Коржов В. Г. Коржов В. Г. Коржов В. Г.! Буквы, по-видимому, заплясали перед Витиными глазами. Не поверив себе и своим собственным глазам, он повернулся к окружающим его людям, вытянув вперед подбородок, обвел всех присутствующих быстрым вороватым взглядом и снова впился в список.

— «Коржов В. Г.», — снова, но уже вслух прочитал он свою фамилию и инициалы.

Словно близорукий, стоял Витюша у доски, и его худой, хрящеватый нос едва не касался исписанного фамилиями листка бумаги.

— Да отваливай уже, Витек, не один! Заслонил головой весь список, — ворчали на него подходившие к доске зеки, не знающие о посылке.

Но Витек словно прирос к асфальту — не двигался с места и не реагировал на просьбы.

— Да уберите же вы этого оболтуса! — наконец не выдержал кто-то сзади и прикрикнул на Витю.

— Посылка ему от Пугачевой пришла, вот и заклинило бедолагу. Прирос к месту от радости, — пояснили недовольному те, что подошли раньше.

— Дождался-таки! Теперь — гуляй рванина от рубля и выше, мать пенсию получила!

Задние немного угомонились, а Витя, услышав, уяснив в конце концов, что речь идет именно о нем и ни о ком другом, очнулся, резко развернулся лицом к толпе во второй раз, окинул ее туманным, но и победным взором Наполеона и, нагло растолкав собравшихся локтями и пробив себе дорогу, понесся по плацу в сторону вахты, туда, где находилась комната для выдачи посылок и передач.

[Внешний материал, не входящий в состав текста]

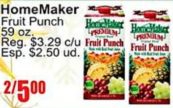 homemaker fruit punch premium reg. $c/u esp. $ud. /premium

Кто-то зло, матом выругался ему вслед, кто-то посмеялся над поверившим в чудо дурачком, некоторые спрашивали о посылке у «бегунка».

Тот ничего толком не знал, но утверждал на полном серьезе, что посылка из Москвы на Витино имя действительно пришла. И, как якобы говорил ему контролер по выдаче, она-де в натуре была от какой-то А. Б. Пугачевой. «Бегунку», понятно, никто не поверил, зеки быстро и дружненько перевели стрелки на шутника-контролера, который, по их мнению, протолкал мякину и сейчас «тащится» от своей хохмы.

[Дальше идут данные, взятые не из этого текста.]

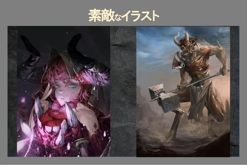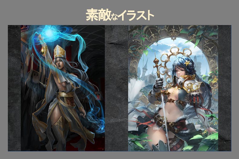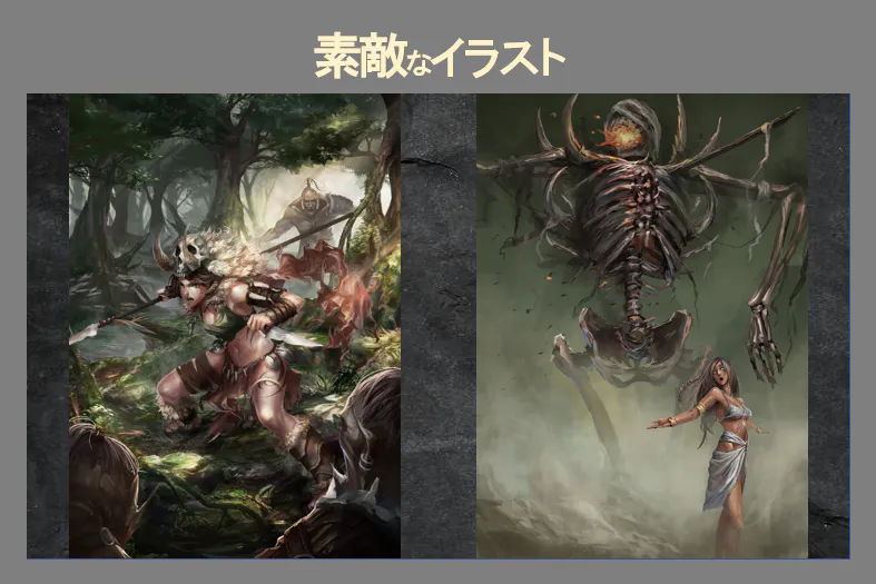 また、強化アイテムである魔導書カードの発動条件をより多く満たすように石版カードを組みかえていくことで、効果のコンボを生み出し、自身の強化を行えます。

Все громко и весело ржали, а оставшийся в дураках «бегунок» клялся и божился, что контролер не «гнал ерша», но говорил все на полном серьезе. И что он сам удивлялся ещё больше, чем они.

* * *

Пришедшие на зону посылки, как правило, выдавали не сразу, а примерно через час-два после того, как вывешивали список. Зеки приходили на вахту, выстраивались в длинную очередь и по одному продвигались к небольшому окошку, за которым находился контролер-прапорщик. Посылка выдавалась на руки осужденному только в том случае, если последний называл полный и точный адрес отправителя и его фамилию. Если же он не мог точно сказать, от кого именно поступила посылка, её могли отправить назад либо оставить до рассмотрения вопроса начальством.

Разговоров и предположений по поводу загадочной Витиной посылки было, конечно же, много, однако все сходились на том, что это какой-то «фонарь» и чистейшая «утка». Сердобольная Алла Борисовна, надумавшая вдруг послать на зону посылку какому-то безвестному больному парню, не вмещалась в фантазии вечно фантазирующих зеков, и они выдвигали одну версию за другой. Мнение же некоторых верующих людей, утверждающих, что и живущие сугубо для себя артисты, аферисты и карьеристы раз в год делают что-то и для Бога, не бралось в расчет, как, впрочем, и сами говорящие о Боге.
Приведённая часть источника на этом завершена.